Based on the findings for Australia, I’m concerned the reference temperature (the MMT) used in The Lancet study was too high. For example, a reference temperature of 22.4°C (shown in the figure above) meant almost 90% of Melbourne’s historical daily average temperatures were classified as cold. This could be equivalent to a day with a maximum of 31.4°C and a night minimum of 13.4°C.
I’ve used a different reference temperature in my latest study. I used the median of historical daily average temperatures as the reference temperature. For example, in my study cold days in Melbourne are those below a daily average temperature of 14.7°C. All daily average temperatures above 14.7°C are considered hot.

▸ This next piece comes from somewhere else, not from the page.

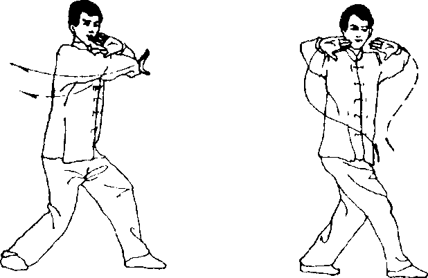 (2)重心移至右腿,上体略左转,左腿随上体左转向左后方 摆步,脚尖顺直,右脚不变,成夹马步;同时,右掌经左肘下穿 出,两掌臂相交,左掌在上,右掌在下,两掌心均向前,拇指向 下成横掌;目视左掌(图19)。
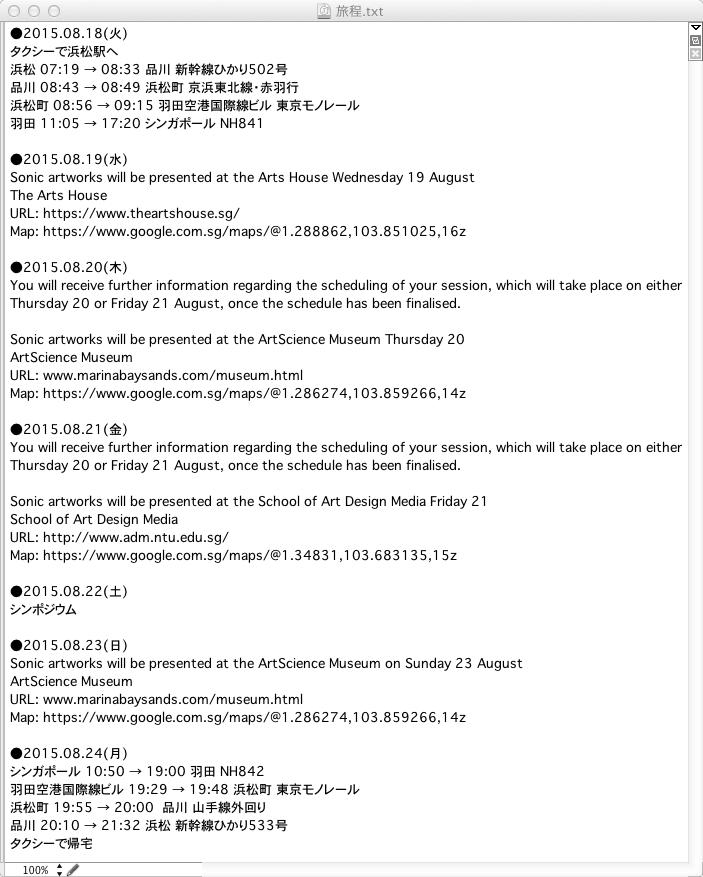これをキチンと読んでいかないと・・・と思っていると、さっき出したメイルにもう速攻で返信が来た。 「Thanks for your confirmation. We'll send more information about the events and registration as soon as possible.」とのことで、大会委員長のPerMagnus Lindborg氏(composer, sound artist, researcher - permagnus.org, assistant professor ADM/NTU)とは、快適にメイルが繋がっているようである。 カメラレディの締め切り(8月1日、ただしSketching2015に行っている最中なので自分としては7月27日)はまだだいぶ先なので、まずはいつものように旅程案を検討してみた。 普段だとANAでフライトチケットを購入して、現地のホテルを検索して予約して・・・と進めるが、今回は一応、同行希望の学生がいる可能性を留保して、実際の予約は週末あたりである。

Using the median as the reference temperature creates a 50/50 split between what’s considered hot and cold.
Comparing the results
As well as using a different reference temperature, I used national death record data to estimate temperature-related deaths for six climate zones. They range from areas with a “hot humid summer” in the north and areas of “mild/warm summers and cold winters” in Tasmania, the ACT and parts of NSW and Victoria.
The other studies I mentioned used data for many cities from around the world, but only included the three largest Australian capitals (Sydney, Melbourne and Brisbane).
In my study, I estimated 2% of deaths in Australia between 2006 and 2017 were due to the heat.
In the three warmer climate zones this number was higher, ranging from 4.5% to 9.1% of deaths. However, as the majority of the population lives in the second coldest climate zone (warm summer, cold winter), this brings down the national estimate.
In the coldest climate zone, 3.6% of deaths were due to the cold and the heat was less dangerous.
These estimates are notably different to those in The Lancetstudy where the total for Sydney, Melbourne and Brisbane had 6.5% of deaths associated with cold temperatures, but only 0.5% of deaths due to the heat.
The difference between these results suggests the need to explore alternative approaches for estimating temperature-related deaths.
Future research should assess whether changing the reference temperature impacts the estimates of temperature-related deaths for other countries.
Finally, accounting for climate zones is another important factor that will affect the balance between the danger of cold and heat.